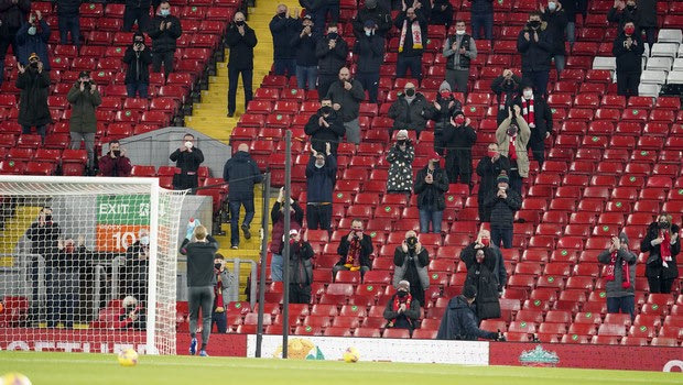 Οι φίλοι της ομάδας του Κλοπ εννιά μήνες μετά την τελευταία τους παρουσία στο Άνφιλντ μπόρεσαν να βρεθούν και πάλι στο γήπεδο και να δουν την αγαπημένη τους ομάδα από κοντά. Κάθισαν στο κέντρο του γηπέδου, τήρησαν τις αποστάσεις, φόρεσαν τις μάσκες τους αλλά μπόρεσαν να τραγουδήσουν το αγαπημένο τους “You’ll never walk alone“.
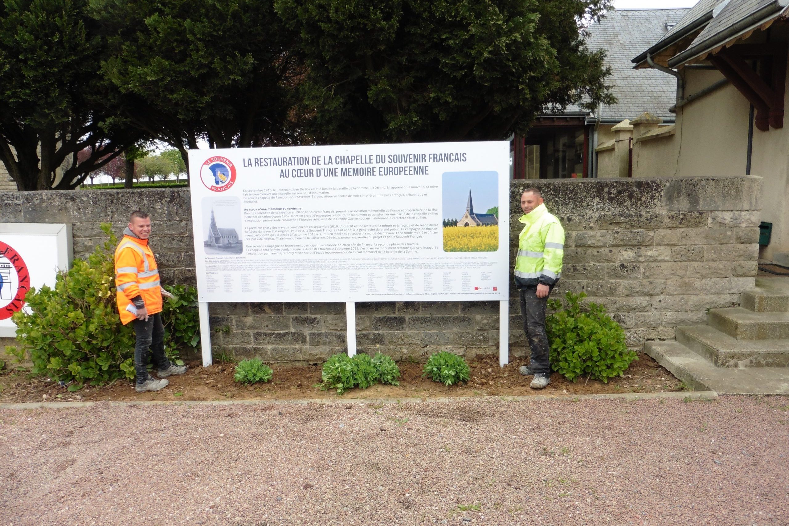 Installation d’un panneau pédagogique devant la Chapelle du Souvenir Français à Rancourt, Bouchavesne-Bergen.
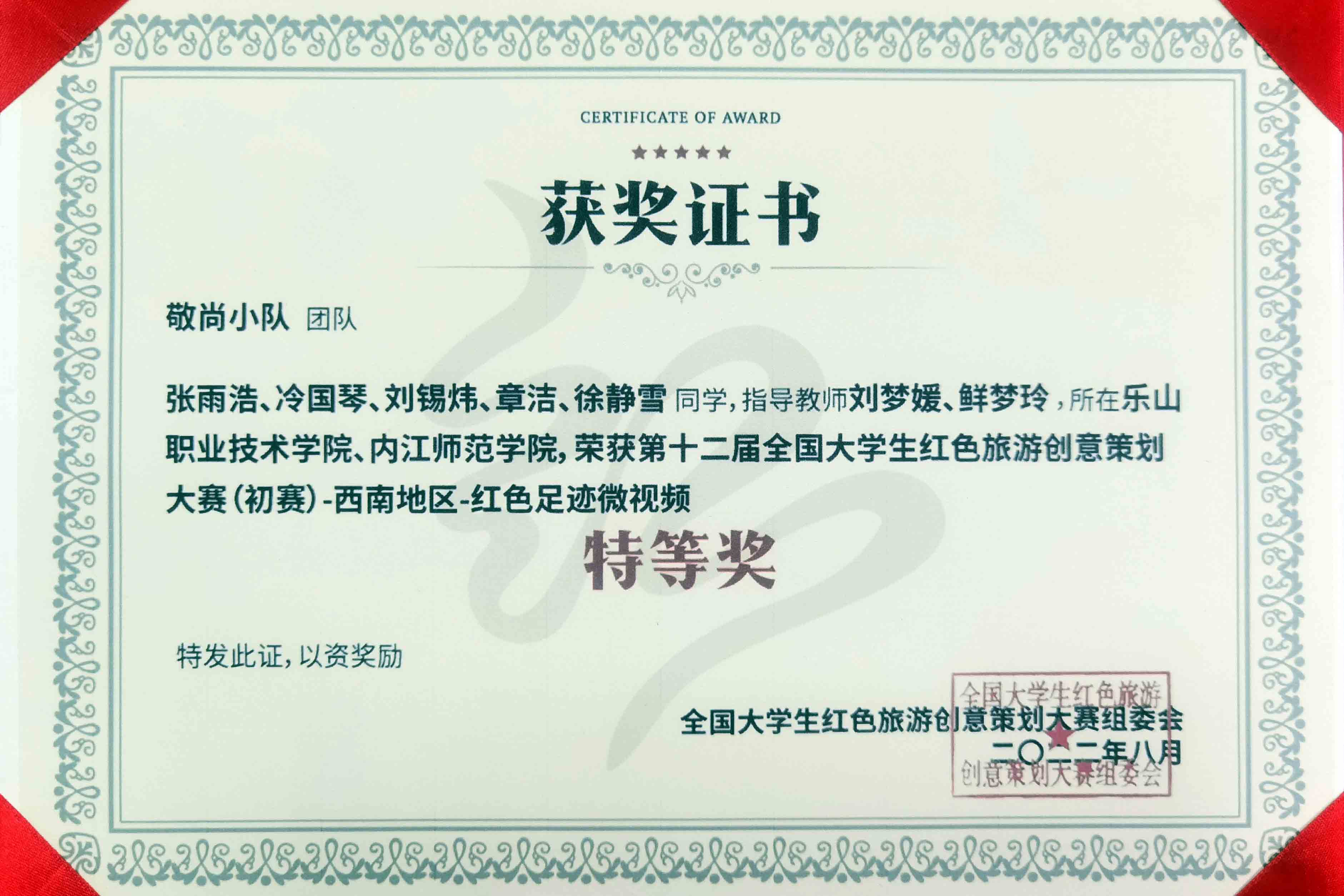 “敬尚小队”由beat365亚洲版官网旅游系旅游管理专业2021级学生张雨浩、冷国琴、刘锡炜、徐静雪,内江师范学院体育教育专业2021级学生章浩5名同学组成,在旅游系刘梦媛、鲜梦玲及马克思主义学院刘晓锐等老师的指导下,从今年7月初开始备赛,经历了“讨论策划→制定方案→视频脚本→延安采风→后期制作→完善资料→答辩排练”等过程,8月中旬形成了完整的参赛作品《勠力同心播火种 抗大精神在延安》微视频,在西南赛区“红色足迹微视频”赛道组荣获“特等奖”并进入全国总决赛。在全国总决赛中,最终取得“第十二届全国大学生红色旅游创意策划大赛-红色足迹微视频”二等奖的优异成绩,刘梦媛、鲜梦玲老师获得“最佳指导教师奖”的殊誉。

******

How to complete this task -
Give the listing above again exactly, minus any images.

The completed task -
 Οι φίλοι της ομάδας του Κλοπ εννιά μήνες μετά την τελευταία τους παρουσία στο Άνφιλντ μπόρεσαν να βρεθούν και πάλι στο γήπεδο και να δουν την αγαπημένη τους ομάδα από κοντά. Κάθισαν στο κέντρο του γηπέδου, τήρησαν τις αποστάσεις, φόρεσαν τις μάσκες τους αλλά μπόρεσαν να τραγουδήσουν το αγαπημένο τους “You’ll never walk alone“.
 Installation d’un panneau pédagogique devant la Chapelle du Souvenir Français à Rancourt, Bouchavesne-Bergen.
 “敬尚小队”由beat365亚洲版官网旅游系旅游管理专业2021级学生张雨浩、冷国琴、刘锡炜、徐静雪,内江师范学院体育教育专业2021级学生章浩5名同学组成,在旅游系刘梦媛、鲜梦玲及马克思主义学院刘晓锐等老师的指导下,从今年7月初开始备赛,经历了“讨论策划→制定方案→视频脚本→延安采风→后期制作→完善资料→答辩排练”等过程,8月中旬形成了完整的参赛作品《勠力同心播火种 抗大精神在延安》微视频,在西南赛区“红色足迹微视频”赛道组荣获“特等奖”并进入全国总决赛。在全国总决赛中,最终取得“第十二届全国大学生红色旅游创意策划大赛-红色足迹微视频”二等奖的优异成绩,刘梦媛、鲜梦玲老师获得“最佳指导教师奖”的殊誉。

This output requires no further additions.